In all the time we knew him he never seemed to suffer from anything other than the regular exam stress, and excess library hours just like the rest of us. Unfortunately this wasn’t always the case.
As summer drew near, and our exams came and passed we said to each other, “see you in September”. We all expected an uneventful summer, work days, beach days, lazy days – we didn’t expect many sad days. Most of us came home and checked our emails to see the unthinkable and the unexpected. Emotions ran high and impacted us like a wave crushing the foundations of a home. We stared at the screen, our hearts swelled, our lungs stopped and we were faced with a terrible new day.
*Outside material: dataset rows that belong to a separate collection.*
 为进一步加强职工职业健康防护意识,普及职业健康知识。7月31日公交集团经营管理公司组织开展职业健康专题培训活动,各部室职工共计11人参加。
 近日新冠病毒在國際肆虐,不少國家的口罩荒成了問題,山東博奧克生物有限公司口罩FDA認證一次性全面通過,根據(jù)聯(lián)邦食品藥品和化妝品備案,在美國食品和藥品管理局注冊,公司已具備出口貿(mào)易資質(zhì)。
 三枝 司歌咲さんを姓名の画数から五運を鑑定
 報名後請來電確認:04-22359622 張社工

Austen was not and will not ever be forgotten by the brothers of the fraternity of Phi Gamma Delta. We consider ourselves blessed to have known Austen and the memories of his kindness and intellect will live on. Be kind to each other. This was Austen’s wish. This will be our challenge… will you help us?
- The Brothers of the fraternity of Phi Gamma Delta
Lambda Omega Colony
Austen Berlet was…
A bright, beautiful person. As a young child, Austen never sat still and almost never stopped talking. He had lots of friends and was always on the go, a trait that stuck with him throughout his life.
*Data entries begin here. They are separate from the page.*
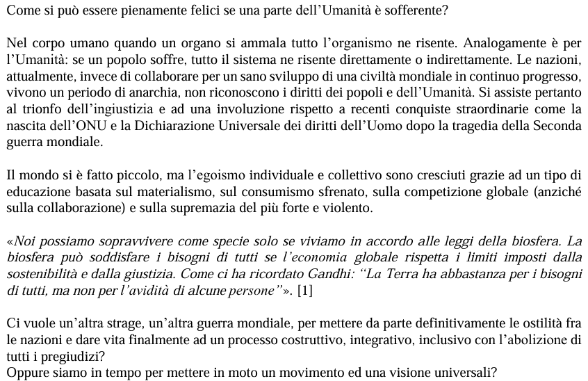 Ci scrive Marco Bresci, Presidente dell’Associazione Culturale Orizzonte Green per condividere con tutti un messaggio di pace. Un messaggio non ideologico, apartitico, non polarizzato, senza critiche personali, per essere il più possibile accettabile, condivisibile, inclusivo, per cercare di ricucire separazioni, per abbracciare tutti coloro che sentono il pericolo che stiamo correndo indipendentemente dalle proprie appartenenze nazionali, politiche, religiose, etniche, filosofiche. Di seguito il messaggio, copiato ed incollato direttamente dall’allegato ricevuto da Marco Bresci, con gentile richiesta di diffusione.
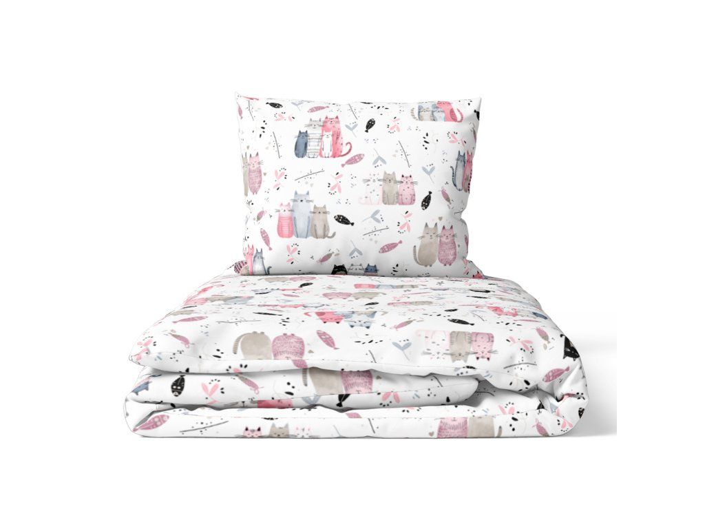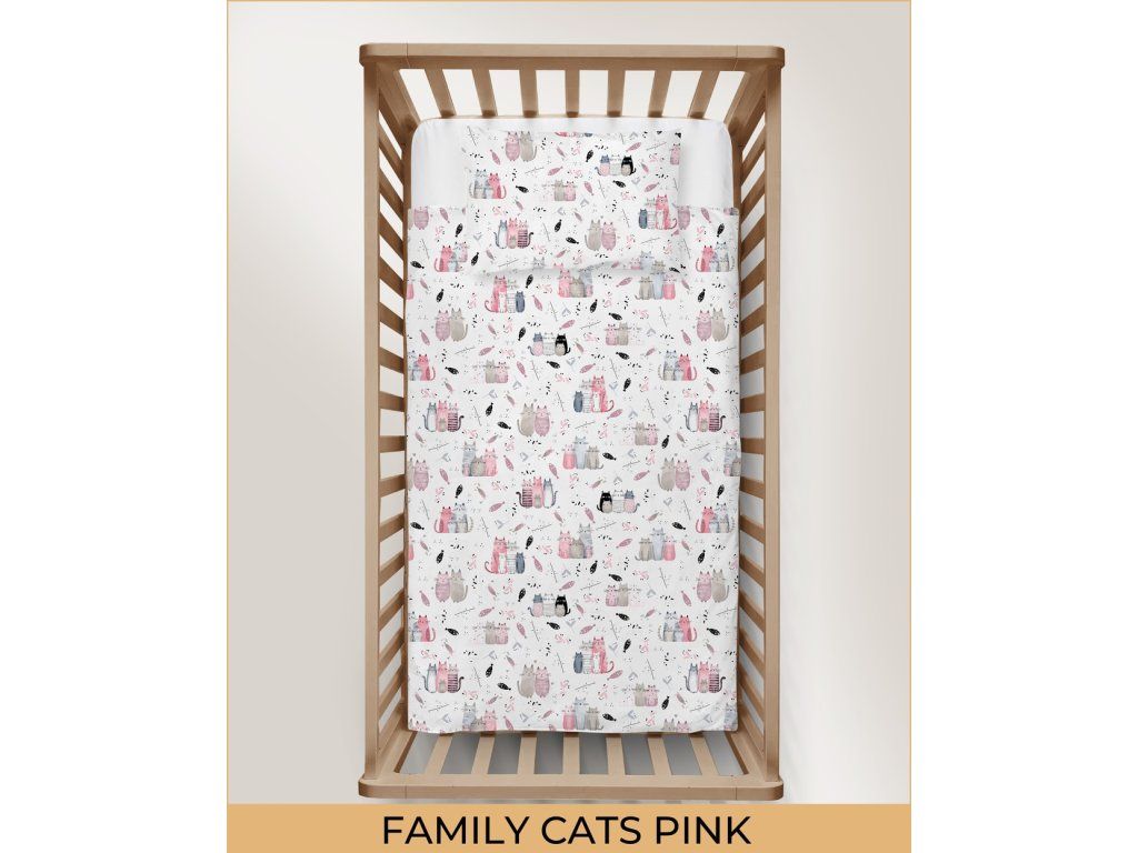 DETSKÉ OBLIEČKY 90x120 + 40x60 100% BAVLNA certifikát 2-dielne do postieľky FAMILY CATS PINK
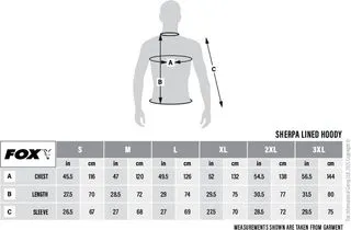 The Fox Camo Full Zip Prem Sherpa 310 Hoodie is available in multiple sizes to ensure a comfortable fit:
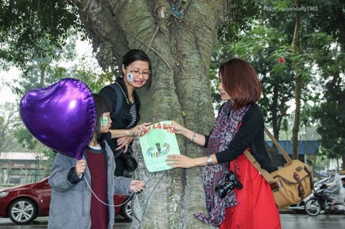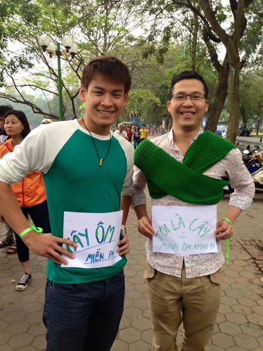 Phong trào này có tên: “Tree Hugs Hà Nội”, với câu nói ngộ nghĩnh: “Anh sẽ ôm em để không ai cưa em được”
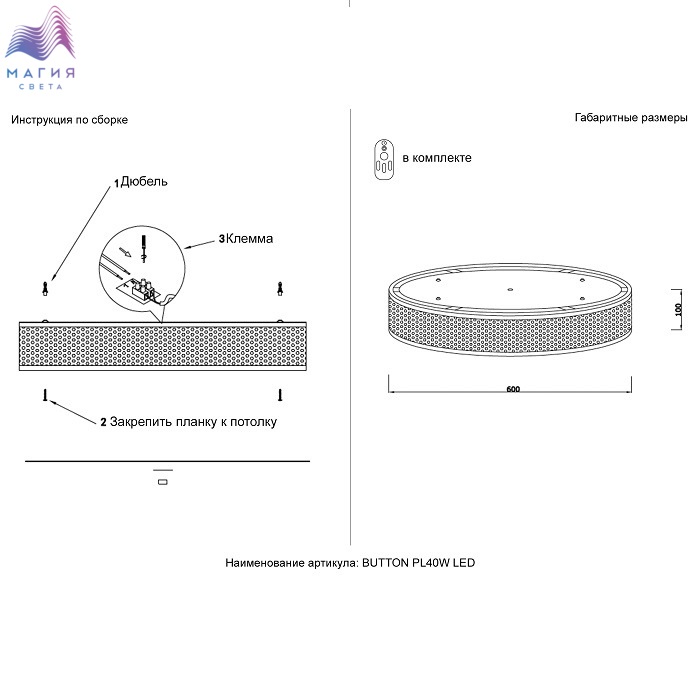Артикул: BUTTON PL40W LED
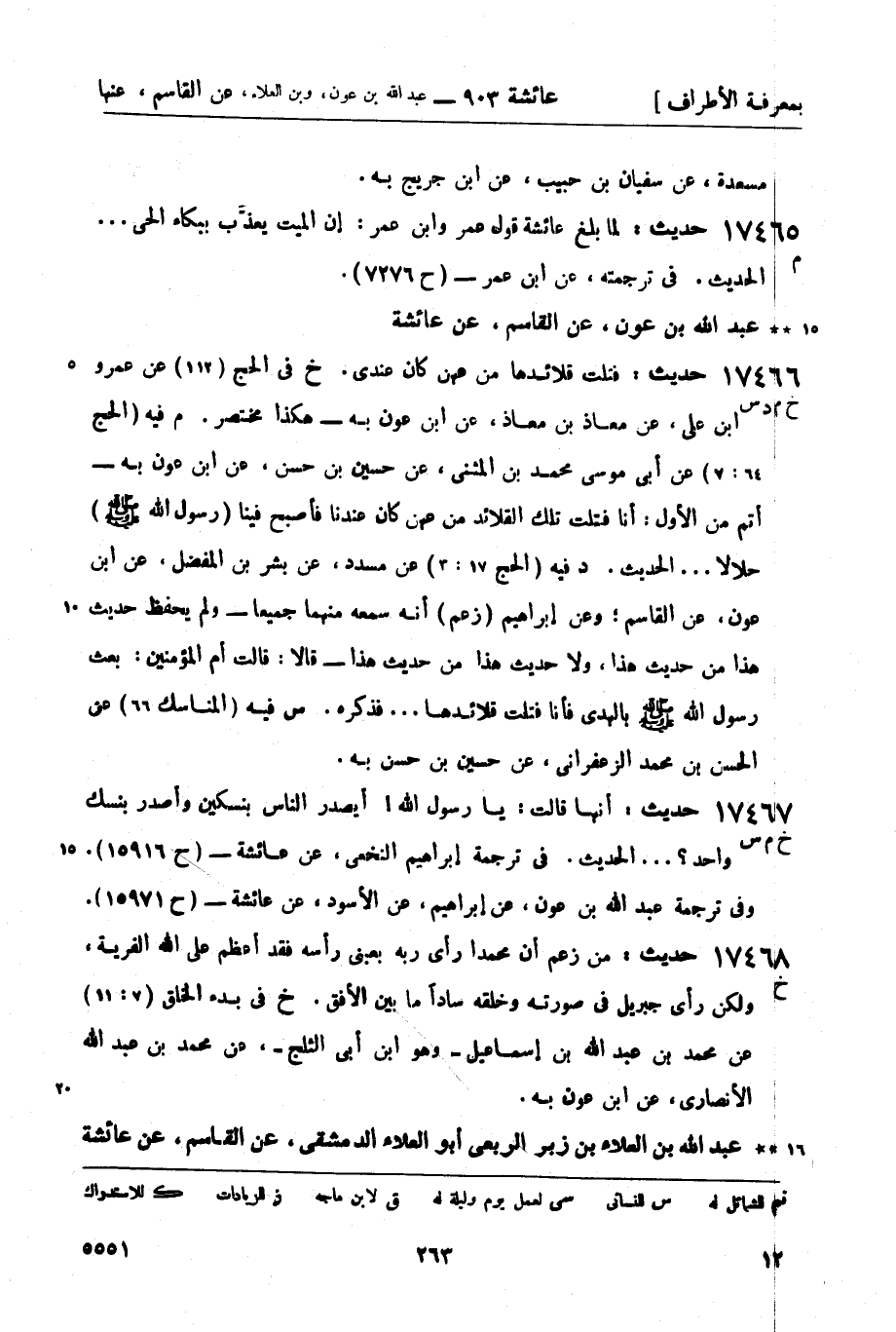 17467 -[خ م س] حديث: أنها قالت: يا رسول الله! أيصدر الناس بنسكين وأصدر بنسك واحد؟ ... الحديث. في ترجمة إبراهيم النخعي، عن عائشة - (ح 15916) . وفي ترجمة عبد الله بن عون، عن إبراهيم، عن الأسود، عن عائشة - (ح 15971) .

As a teenager, Austen developed a love of skateboarding. He helped co-ordinate and raise money for the Dorchester skate park. His calm disposition and natural ability to relate to others landed him on student council in high school. He continued to push for excellence in other areas of his life, pursuing a strong interest in physics that allowed him to attend a program at Perimeter Institute during the summer before grade twelve.
Austen was accepted at UWO for theoretical physics after high school and seemed to have everything going for him. His struggle with depression began during this time and became a cause of frustration that kept him from fully enjoying the things he loved.
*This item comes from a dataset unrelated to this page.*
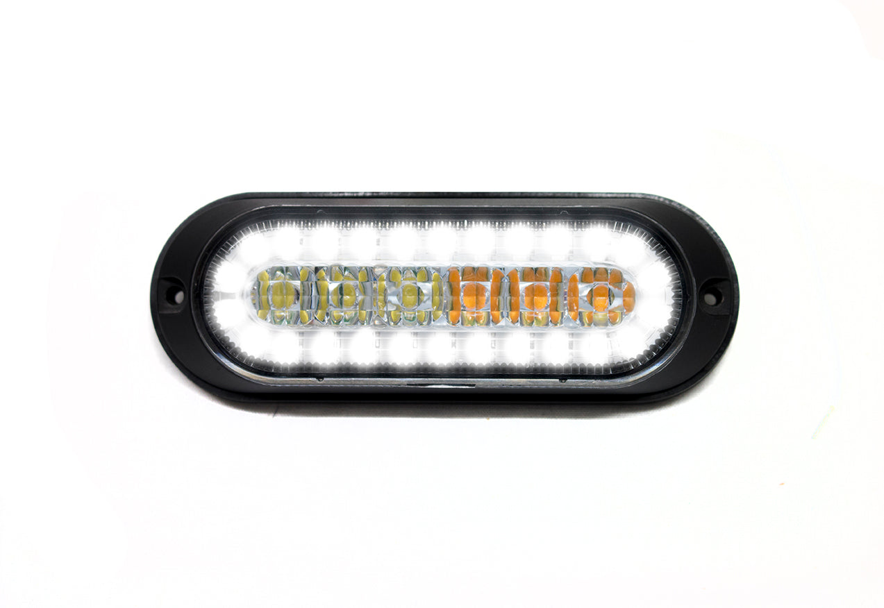 - Dual Function Ultra Thin Flush Mount Amber Flasher Strobe With White LED DRL function - SAE Certified J595 and J2087
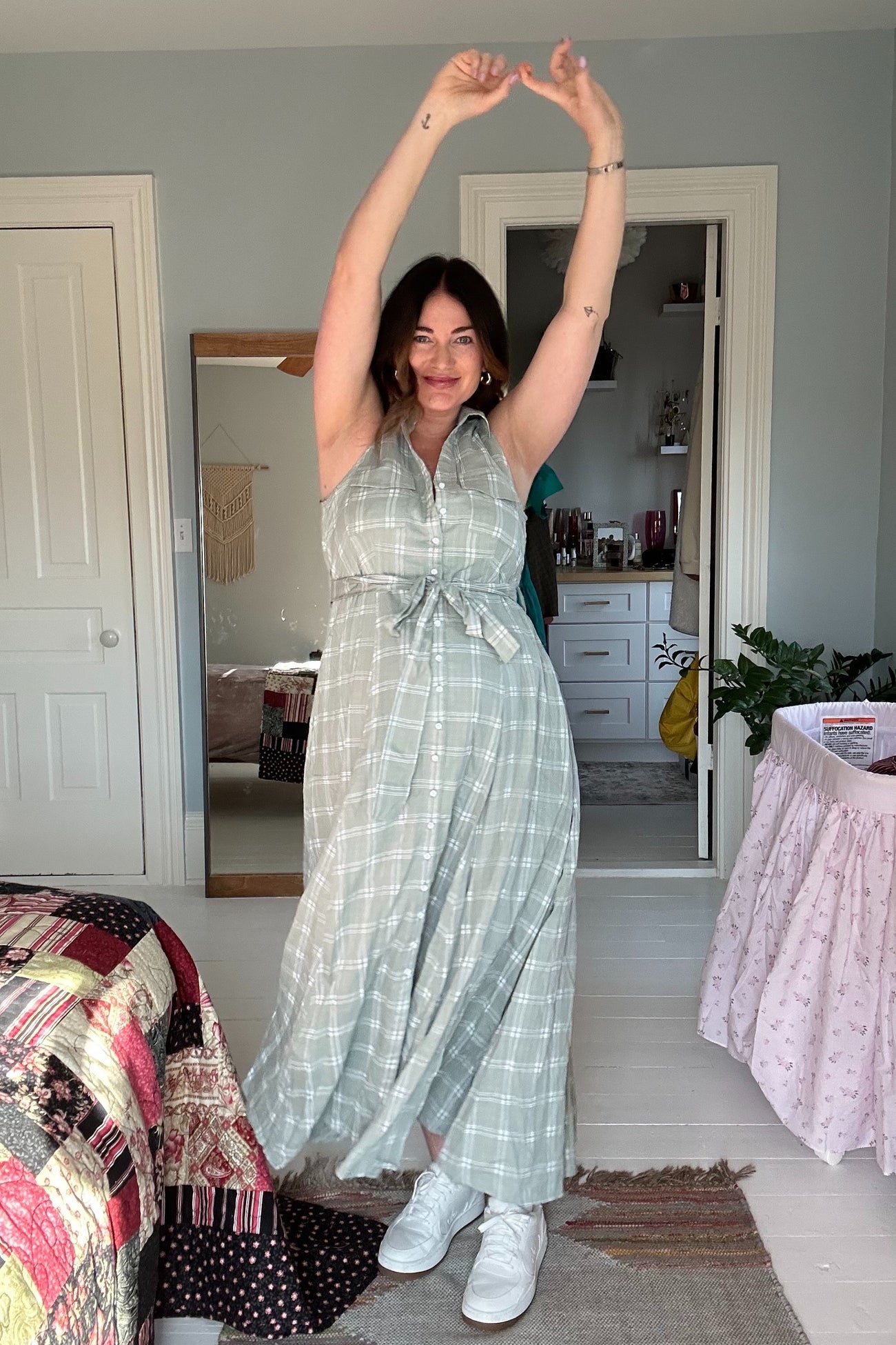Light Olive Plaid Sleeveless Sash Tie Maternity Shirt Dress

Austen was diagnosed with bipolar disorder in 2007 when he was 19 years old. He must have researched the illness before he told us about it, because he was so despondent. He said there was no cure. We told him we could find one. We were wrong. Austen died by suicide on July 20, 2009.
We struggle daily with our loss. With your help to Canadian Mental Health, there can be hope of something better for the sufferers, family, and friends of those like Austen.
Joelle, David and LeeAnn thank-you for making this happen. Be kind to each other. This was Austen's wish.
- David, LeeAnn, Joelle Berlet
In Loving Memory of
April 15, 1988 – July 20, 2009
Entries on Austen's In Loving Memory page:
“Every memory I have of him, he is smiling, he is helping someone improve themselves; he was doing amazing things. Austen touched lives. He wasn’t just part of them, he truly got into the heart and soul of those who knew him.”
“He was like my brother; I went to him when I need guidance. He always knew what to say to make me happy.”
“His name was always being brought up by students in my classes and teachers in our staffroom. The stories were of miraculous intellectual achievements.”
“I remember watching him skateboarding and wondering how something could come so naturally to him. Every time I skate it will be for you man; you were a legend.”